→ **What you will do**
In the records below, the relevant part opens with the line containing "A p-value ranking" and closes with the line containing "اقلام همراه: یک"; print that part exactly and only, without its pictures.

─── Working data

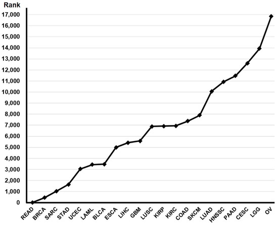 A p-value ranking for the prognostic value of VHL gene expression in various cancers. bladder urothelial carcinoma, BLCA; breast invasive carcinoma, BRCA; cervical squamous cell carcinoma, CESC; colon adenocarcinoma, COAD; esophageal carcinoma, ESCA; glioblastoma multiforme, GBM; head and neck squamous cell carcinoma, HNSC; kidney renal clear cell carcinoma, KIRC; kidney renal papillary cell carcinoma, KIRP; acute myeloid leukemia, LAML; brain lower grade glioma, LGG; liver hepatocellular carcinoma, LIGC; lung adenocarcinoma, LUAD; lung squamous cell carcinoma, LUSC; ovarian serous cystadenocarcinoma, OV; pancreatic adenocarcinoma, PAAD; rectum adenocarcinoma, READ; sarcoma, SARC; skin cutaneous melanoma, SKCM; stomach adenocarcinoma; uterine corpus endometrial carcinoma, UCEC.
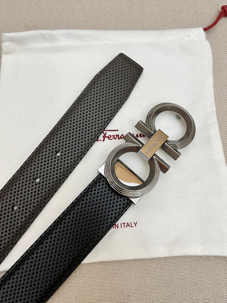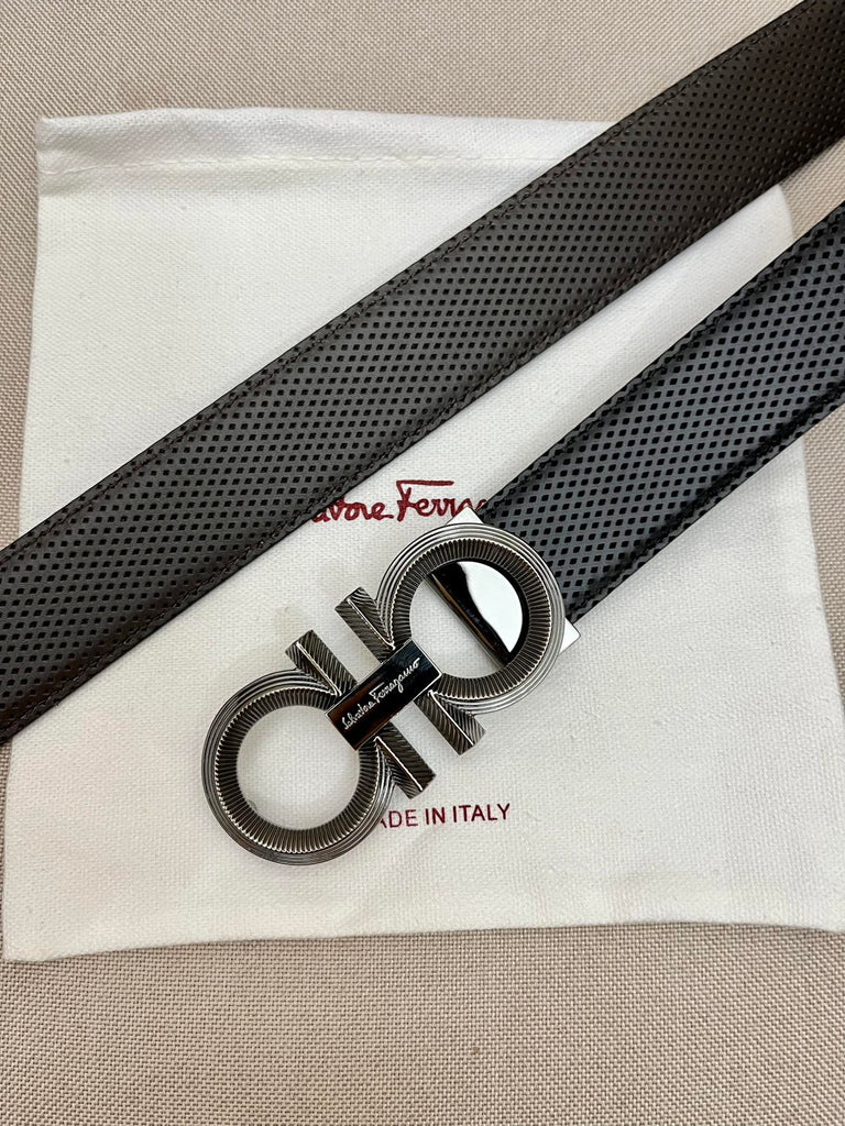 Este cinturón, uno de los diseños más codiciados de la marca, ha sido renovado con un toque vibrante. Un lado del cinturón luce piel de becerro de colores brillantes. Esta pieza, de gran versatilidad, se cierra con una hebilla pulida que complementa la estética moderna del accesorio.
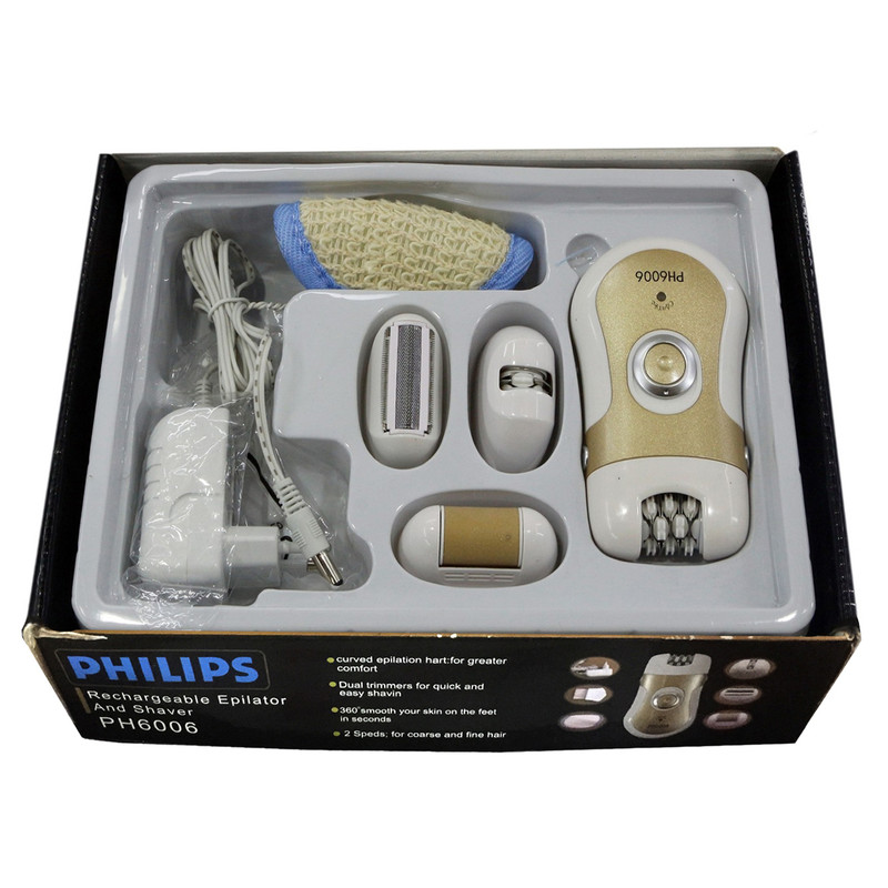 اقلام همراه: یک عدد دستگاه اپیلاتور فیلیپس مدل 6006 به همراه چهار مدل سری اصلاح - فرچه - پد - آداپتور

──────
─── Working data

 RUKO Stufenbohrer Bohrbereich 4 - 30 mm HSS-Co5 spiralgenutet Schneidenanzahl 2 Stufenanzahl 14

──────
─── Working data

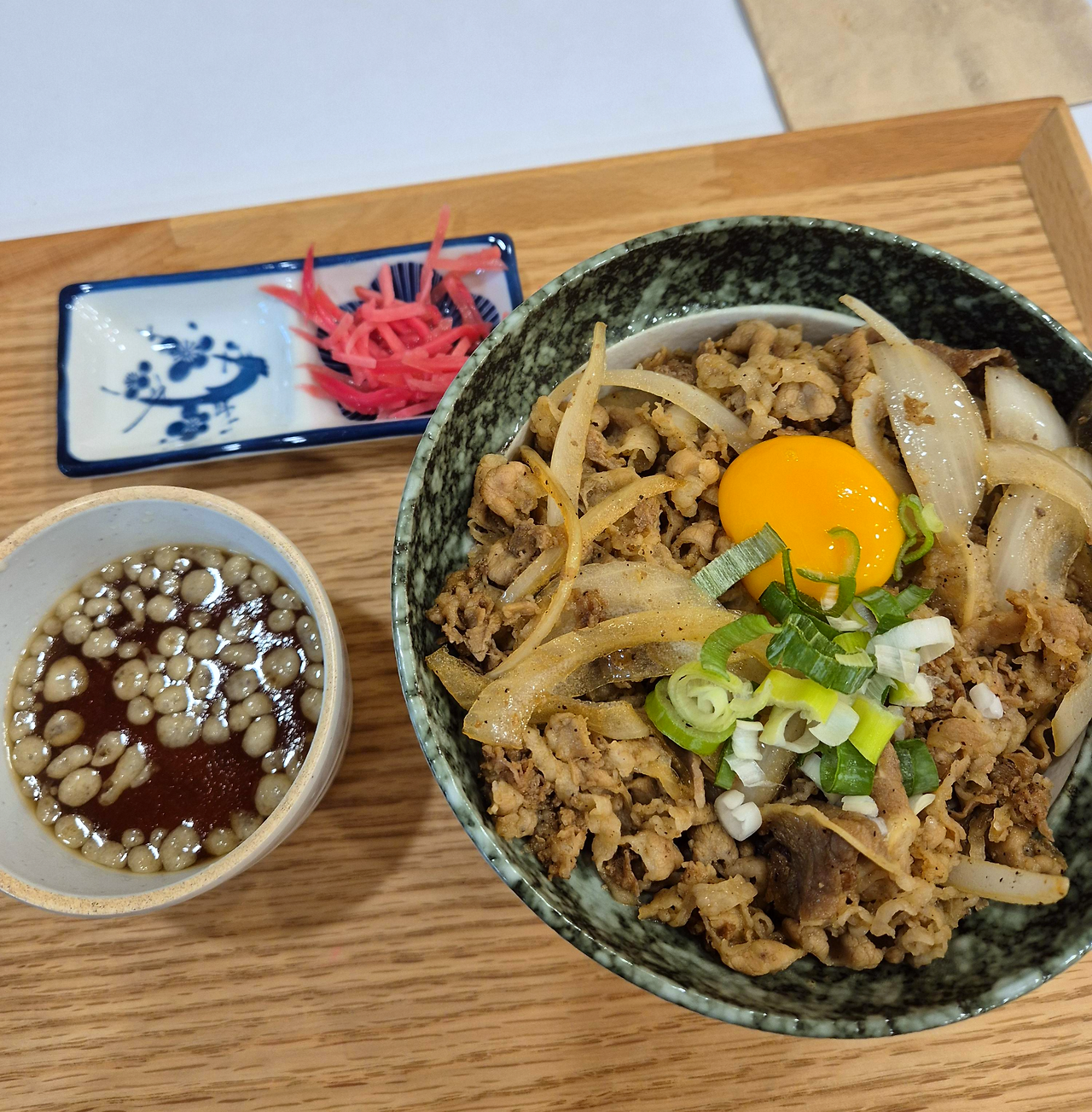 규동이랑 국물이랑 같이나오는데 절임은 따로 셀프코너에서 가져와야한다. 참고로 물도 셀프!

──────

→ **Written response**
 A p-value ranking for the prognostic value of VHL gene expression in various cancers. bladder urothelial carcinoma, BLCA; breast invasive carcinoma, BRCA; cervical squamous cell carcinoma, CESC; colon adenocarcinoma, COAD; esophageal carcinoma, ESCA; glioblastoma multiforme, GBM; head and neck squamous cell carcinoma, HNSC; kidney renal clear cell carcinoma, KIRC; kidney renal papillary cell carcinoma, KIRP; acute myeloid leukemia, LAML; brain lower grade glioma, LGG; liver hepatocellular carcinoma, LIGC; lung adenocarcinoma, LUAD; lung squamous cell carcinoma, LUSC; ovarian serous cystadenocarcinoma, OV; pancreatic adenocarcinoma, PAAD; rectum adenocarcinoma, READ; sarcoma, SARC; skin cutaneous melanoma, SKCM; stomach adenocarcinoma; uterine corpus endometrial carcinoma, UCEC.
 Este cinturón, uno de los diseños más codiciados de la marca, ha sido renovado con un toque vibrante. Un lado del cinturón luce piel de becerro de colores brillantes. Esta pieza, de gran versatilidad, se cierra con una hebilla pulida que complementa la estética moderna del accesorio.
 اقلام همراه: یک عدد دستگاه اپیلاتور فیلیپس مدل 6006 به همراه چهار مدل سری اصلاح - فرچه - پد - آداپتور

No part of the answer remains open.